あの子に首ったけ!
財前←謙也
財前くんが某歌姫厨
「して財前くん」
「なんですの謙也さん」
いつになく真剣なまなざしの謙也さん。いつもこんな顔やったらきっと俺よりモテたやろな。いまんとこ、俺のがモテてるらしいけど。白石部長も変なとこ情報通やねんな。いらん情報まで寄こしやがって、あの人はうんちく貧乏や。
「あん、な」
「なんすか、はよしてください」
うっとい、と俺は謙也さんを睨みつける。あんたにかまっとる時間、こっちにはこれっぽっちもないねん。これがタメもしくは下なら確実に相手にしとらんな。話し聞いてもろてるだけありがたくおもいや。このゴンクタレ!そう、このアホな先輩を怒鳴りつけられたらどれだけいいだろうか。俺はこれでも、謙也さんとの関係が壊れるようなことは言わんようにしとる。いくら抑えていても、お前はかわいない、毒舌やといわれるんやけど。ほんま侵害極まりない。この脳みそ空っぽひよこ先輩。
「お前・・・好きなやつおるって、ほんま?」
「ああ、いますよ」
「ま、まじか・・・」
そないに即答せんでも…。謙也さんは大きい体をぐんと小さくさせた。かわいないで、それ。
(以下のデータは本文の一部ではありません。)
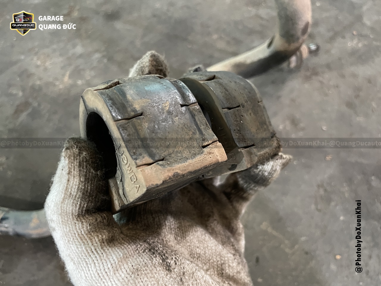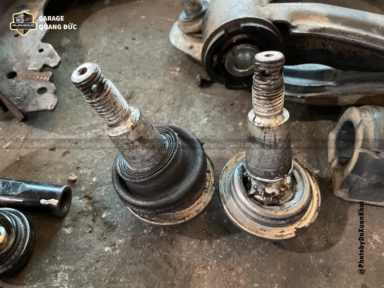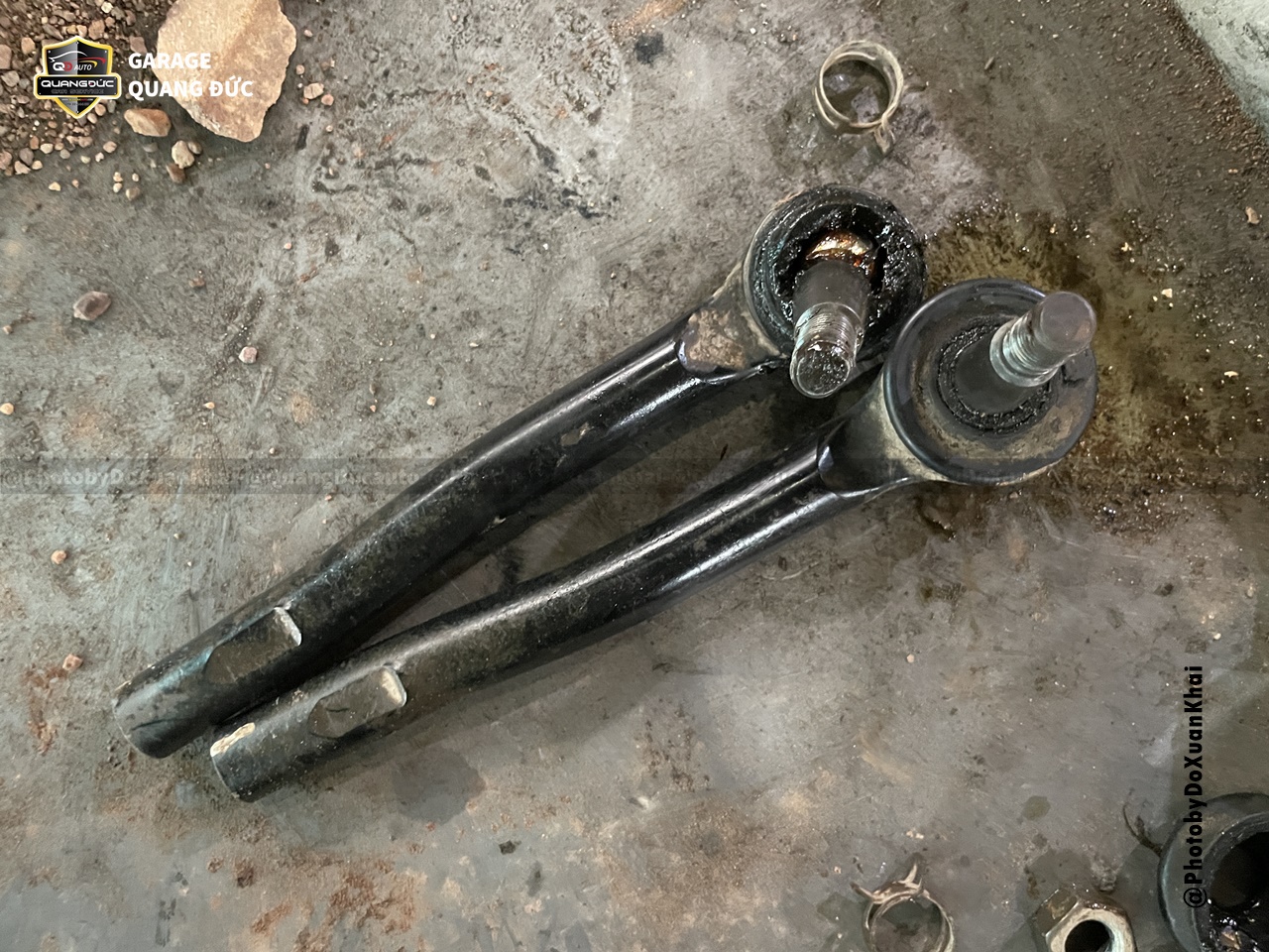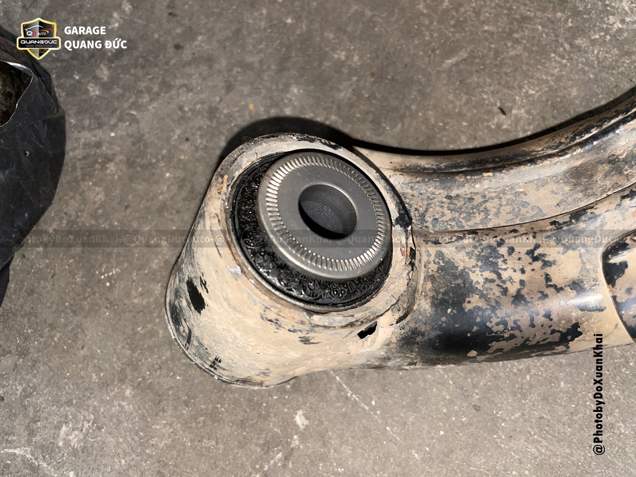 Sau khi kiểm tra, đội ngũ kỹ thuật của Quang Đức Auto đã nhận thấy Cao su càng A dưới ( To, nhỏ) bị nứt, mòn do oxi hóa, Rotuyn cân bằng bị bụi bẩn bám vào sâu bên trong gây bó kẹt do đó cần thay thế các chi tiết này.
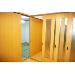 ・廊下との段差をなくしました。 ・廊下とカーテンで仕切っていたので新たに折り戸を 取り付けました。 ・戸を開けた時、ふつうのドアーだと廊下を遮ってしまうので 少しでも邪魔にならない折り戸タイプの戸をご提案しました。
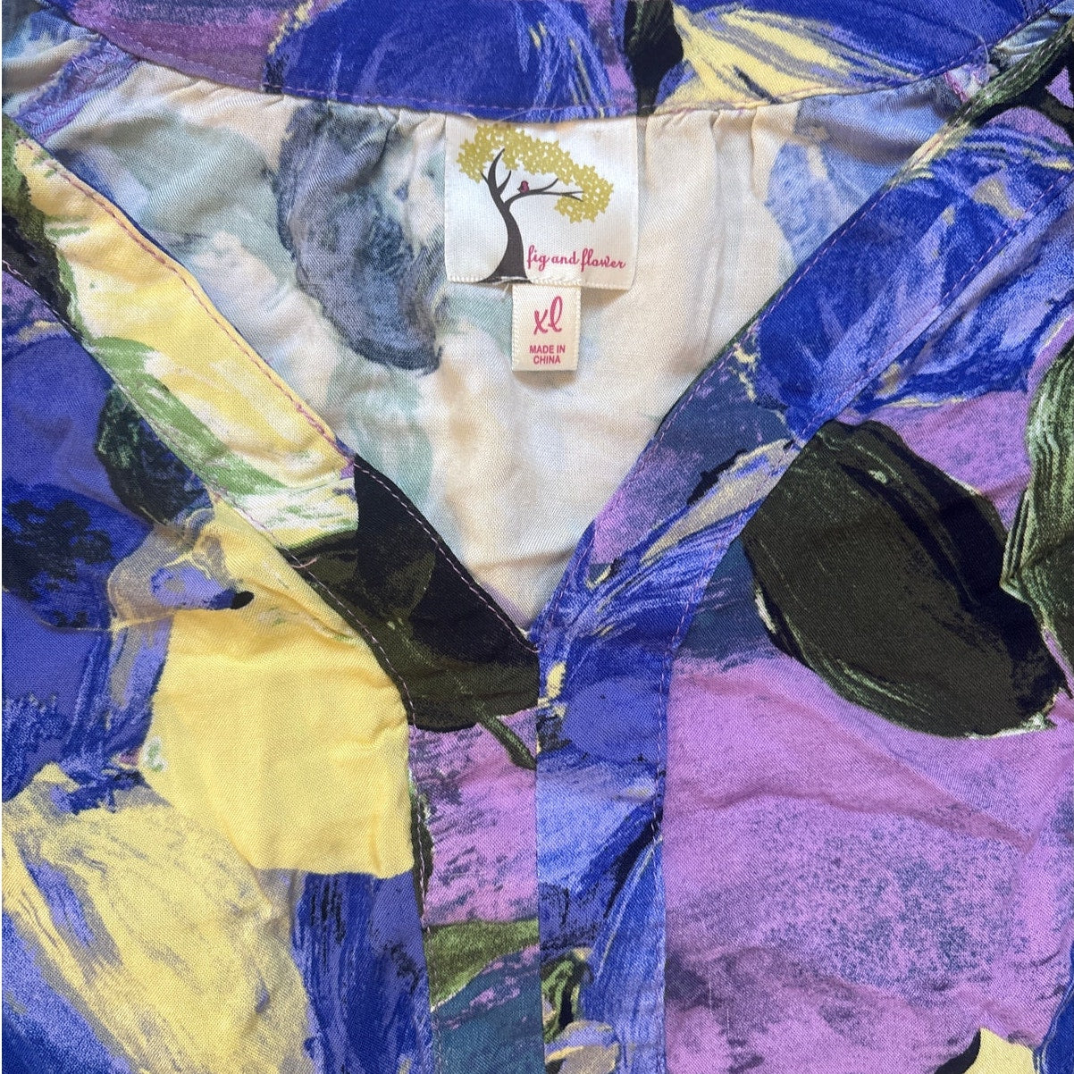 Item: Fig & Flower purple floral ruffle quarter sleeve womens tunic blouse SIZE XL
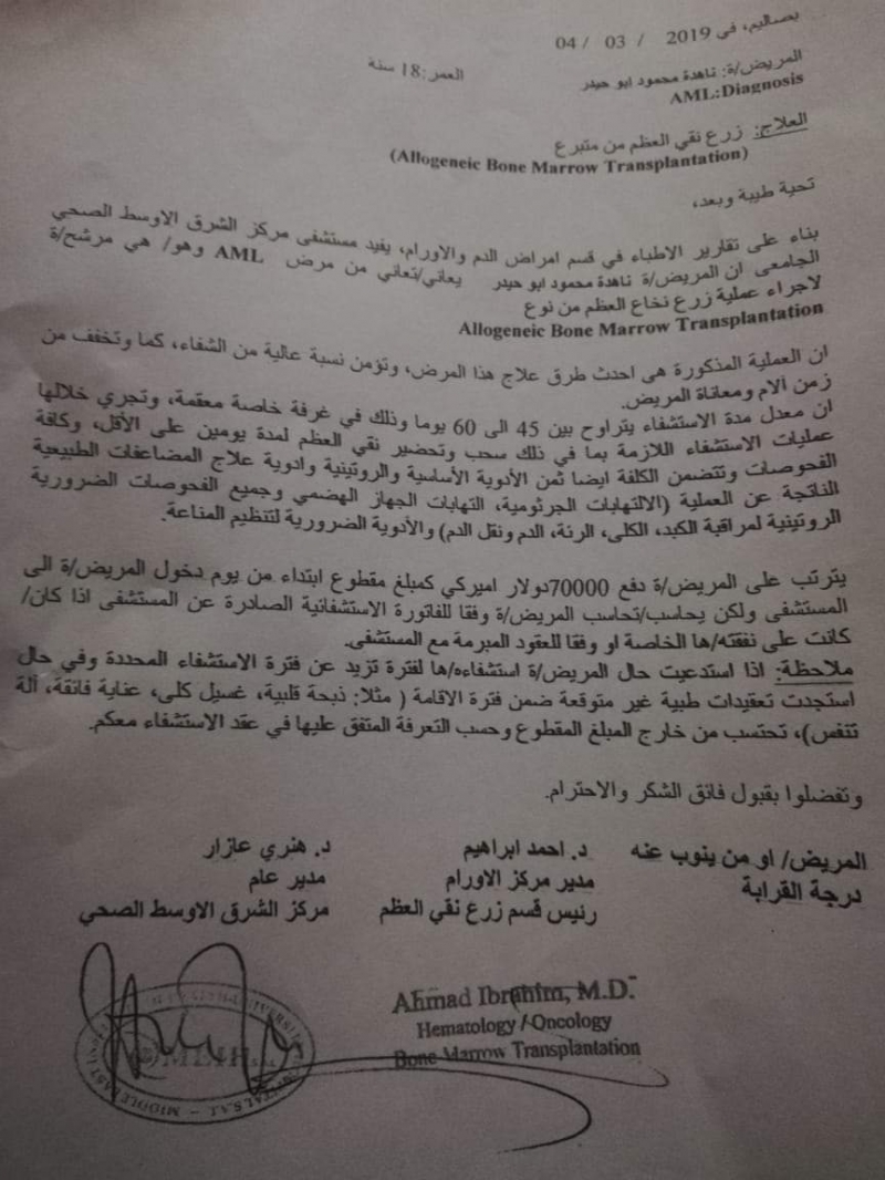 تناقلت عائلة الشابة "ناهدة أبو حيدر" (18 سنة) مناشدة أليمة لمساعدتهم في تأمين كلفة عملية طارئة. فناهدة، التي تعاني من سرطان الدم منذ 4 سنوات وتخضع لعلاجه الأليم في مستشفى سيدة المعونات في جبيل، بحاجة لعملية زرع نخاع عظم و المتبرع موجود، الا أن ما يحول دون ذلك هو عجزهم عن تأمين كلفة العملية التي بالكاد تبلغ ٢٦ الف دولار
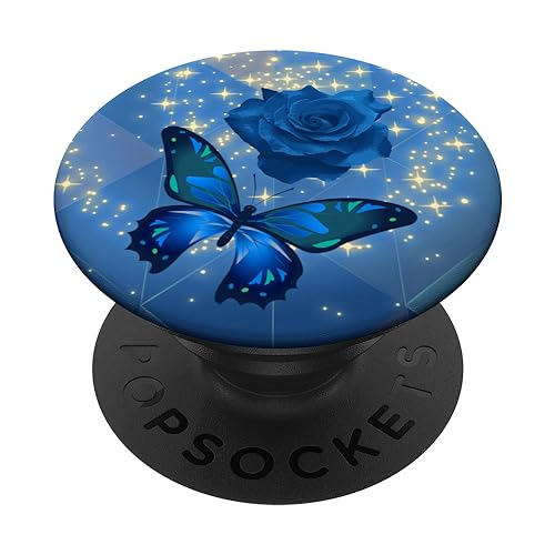 Rose Butterfly Flower Cell Phone Button Pop Up Holder Blue PopSockets Grip and Stand for Phones and Tablets PopSockets Adhesive PopGrip
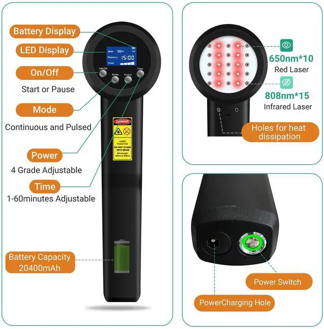 • Dual Use for Humans and Pets: Suitable for humans suffering from knee arthritis, cervical spondylosis, trigeminal neuralgia, and plantar fasciitis, as well as pets (dogs, horses, cats, etc.) suffering from gingivitis, arthritis dogs cold laser pain relief, canine cold laser therapy, equine cold laser therapy, and cat cold laser therapy.
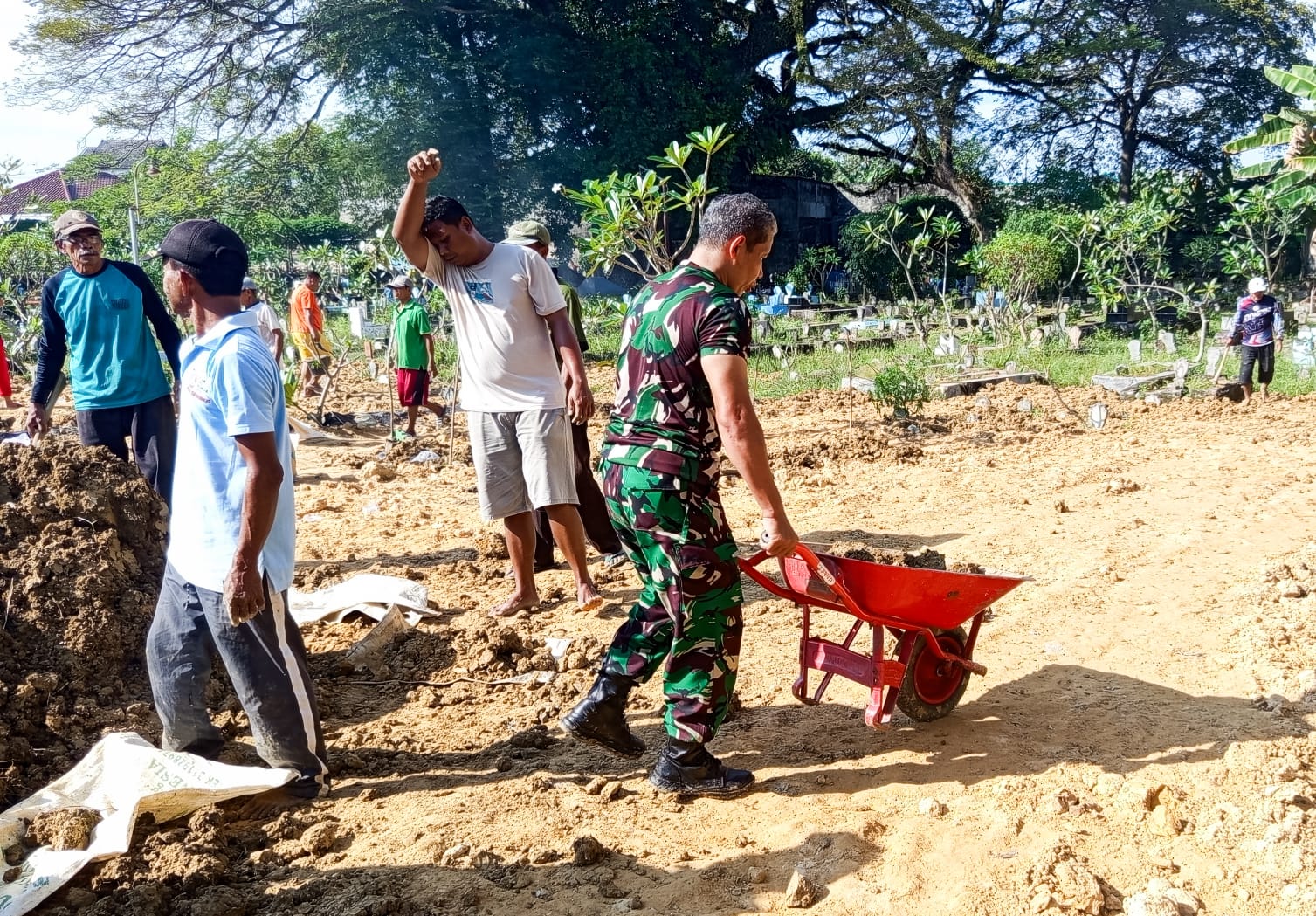 Suararakyat.info.Bojonegoro-Babinsa Koramil 09/Sumberrejo Kodim 0813 Bojonegoro, Serma Ali Sururi, bersama warga Dusun Tlumbung Desa/Kecamatan Sumberrejo Kabupaten Bojonegoro melakukan karya bakti pembersihan dan peninggian area…

後輩に好きな人がおるくらいで、なに落ちこんでんねん。あれやな、この人高校入って、一回もそないな話ないから、俺にさき越されて悔しいねやろ。頭を垂れて、しゅんとなっとる。犬やな、今の謙也さんはただのアホ犬や。
「なんや、負け犬みたいっすよ」
「・・・だれがやねん」
「そないに落ち込まんでも。正直きもいっすわ」
あ、今のはちょっと謙也さんには効いたかも。目をかっと見開いて、謙也さんはさらに小さくなっとって、机にスローモーションで沈んでいった。
「そうか・・・俺はきもいか・・・」
「そんな羨ましがられたら、さすがに引きますわ」
「羨ましいねんもん」
「あんたにはこれからできるんとちゃいます。好きなひと」
あ、そっち?ってどっちやねん。方向の話か、いやちゃうやろ。
「もうええっすか?俺忙しいんすよ」
「お、おお」
「ほな、」
軽く手を振って、俺は立ち去る、はずやった。
「財前!ちょお待ち!」
「まだすか、あんたしつこいなあ」
「最後!最後やから!」
「・・・はよしてや」
捕まれた腕があつい。そりゃそうや、いま7月やで。この人は子ども体温で、俺の手が冷たいからさらに浮きだって手の熱さが伝わってきた。じとっとした手は大きくてごつごつしとる。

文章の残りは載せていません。